Architecture over scale
At the core of the achievement is Pathway's proprietary Dragon Hatchling (BDH) architecture, which the company is developing as an alternative to the transformer architecture that has dominated the field for years and underpins models like GPT and Gemini. BDH is said to be inspired by how the human brain works, enabling continuous, energy-efficient learning without needing to store memory as a separate external component.
In practice, this means the model integrates memory, adaptation and reasoning into a single system instead of bolting them on as additional modules. According to the Pathway team, it is this design, not the parameter count or raw computing power, that determines how much a single act of model "reasoning" actually costs.
AI is expensive today, but that cost comes from the architecture, not from any general law of intelligence - Zuzanna Stamirowska, co-founder and CEO of Pathway
Who is behind Pathway
The project is led by Zuzanna Stamirowska, who previously worked on modeling complex systems and predicting traffic in maritime trade. The founding team also includes Adrian Kosowski, a physicist and computer scientist who earned his PhD at age 20, and Jan Chorowski, who previously worked with Geoffrey Hinton's team. The company also counts Łukasz Kaiser, one of the co-creators of the transformer architecture, among its advisors, lending the project extra credibility in the research community.
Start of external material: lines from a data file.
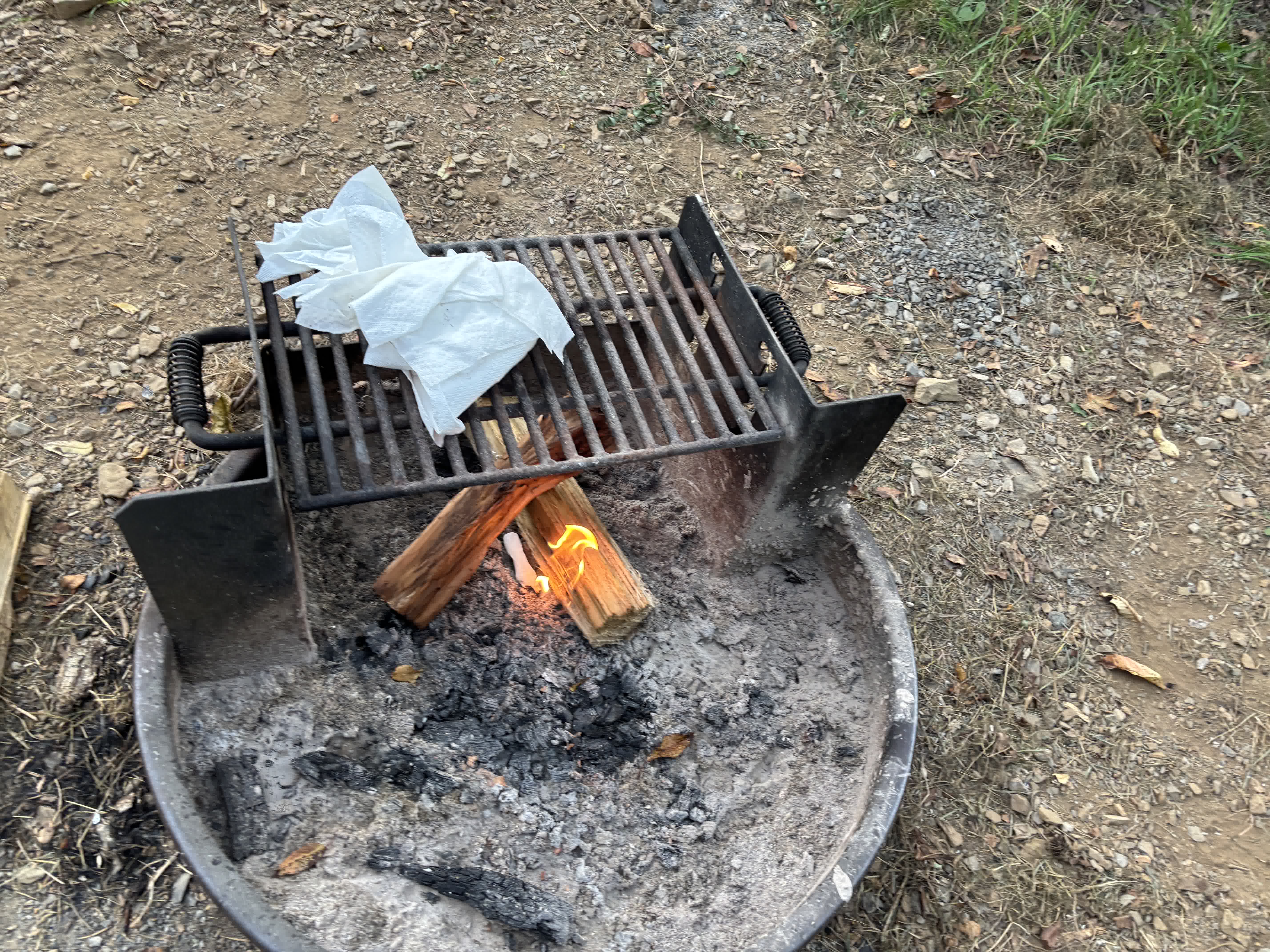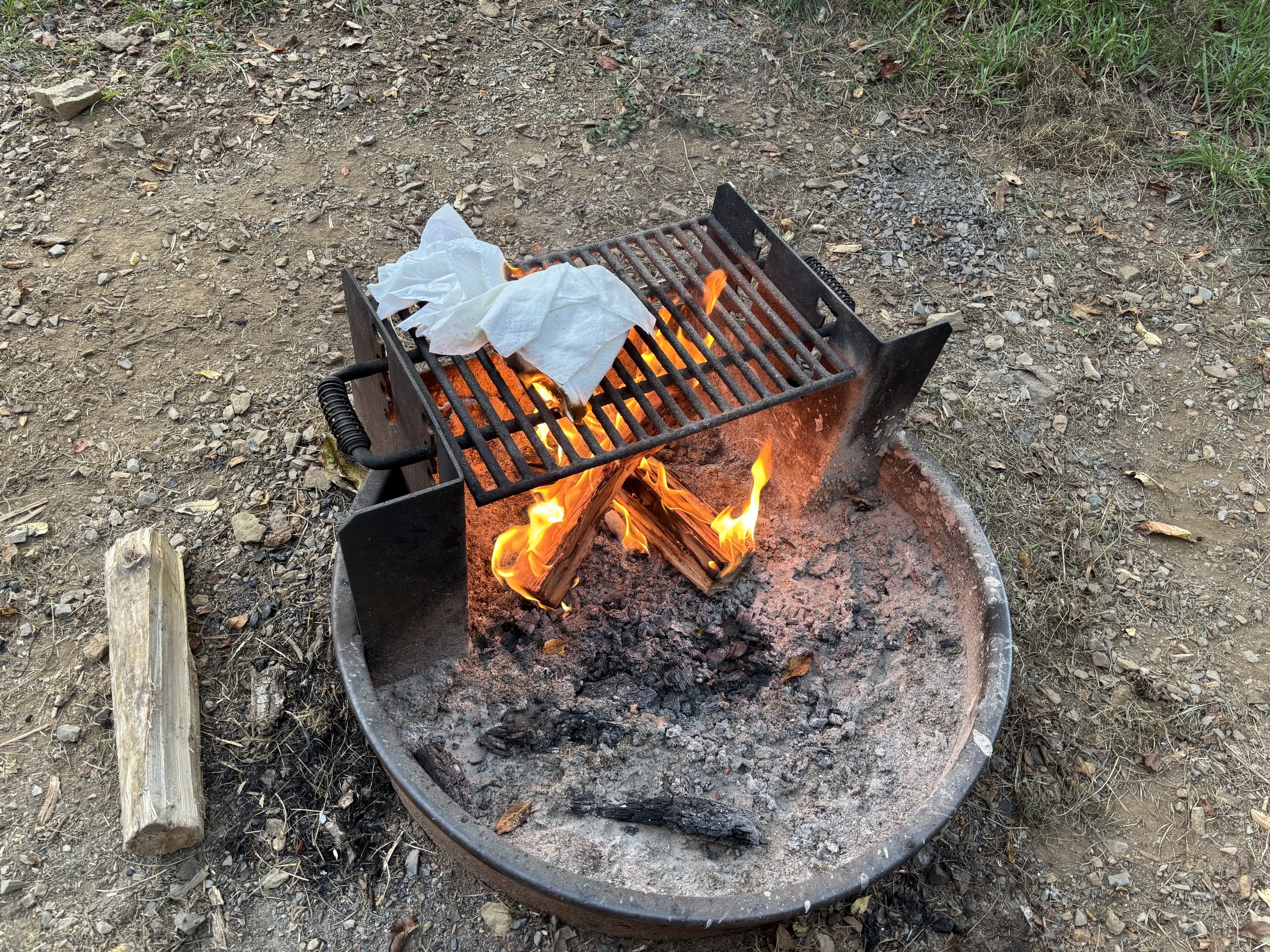 I’ll toss them into the fire when it’s big enough or when the paper towels are dry enough.
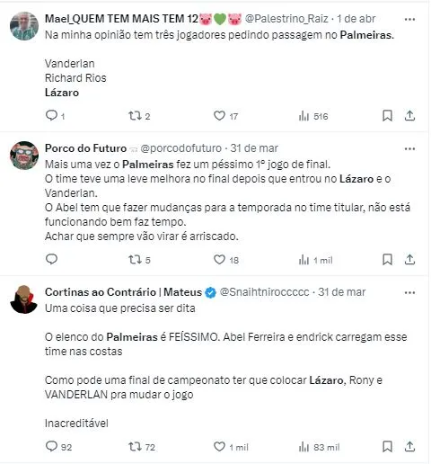“Internamente, no Palmeiras, há muitos elogios ao Lázaro, ele foi muito elogiado na entrada contra o Santos. É aquele tipo de jogador que muitas vezes o torcedor não entende por que ele foi contratado a peso de ouro vindo da Europa, o jogador volta para o Brasil para uma retomada de carreira, aí muitos torcedores falam: ‘contratou o cara, vai ficar no banco’?, iniciou o jornalista.
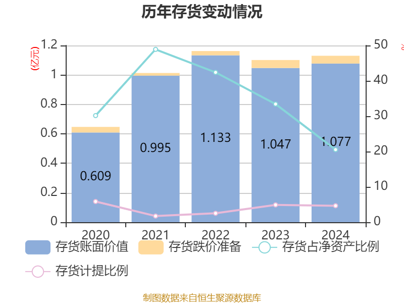从存货变动来看,截至2024年末,公司存货账面价值为1.08亿元,占净资产的20.53%,较上年末增加299.65万元。其中,存货跌价准备为526.77万元,计提比例为4.66%。
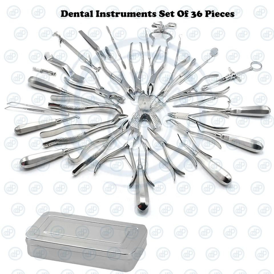 Juego de Instrumentos Dentales de Ortodoncia Oral de 36 Piezas, Juego de Fórceps de Acero Inoxidable, Instrumentos Quirúrgicos para Dientes

Pathway is not a project built from scratch. The company was founded in 2019 under the name NavAlgo and has for years sold real-time data processing solutions to clients such as French postal operator La Poste, freight forwarder DB Schenker, and NATO. Building its own language model is, for the company, an extension of the expertise it gained building data infrastructure rather than a leap into an entirely new business.
Funding round and plans
The startup announced on August 11, 2026 that it had raised an additional $20 million as part of an extended seed round, at a valuation reaching $500 million. In total, Pathway has raised about $30 million in this round from investors including Id4 Ventures, TQ Ventures, Red Bridge Ventures, Kadmos Capital and WS Investment Co. The funds are earmarked for GPU infrastructure, including Nvidia GB300 chips, and for training larger multitask models based on the same architecture.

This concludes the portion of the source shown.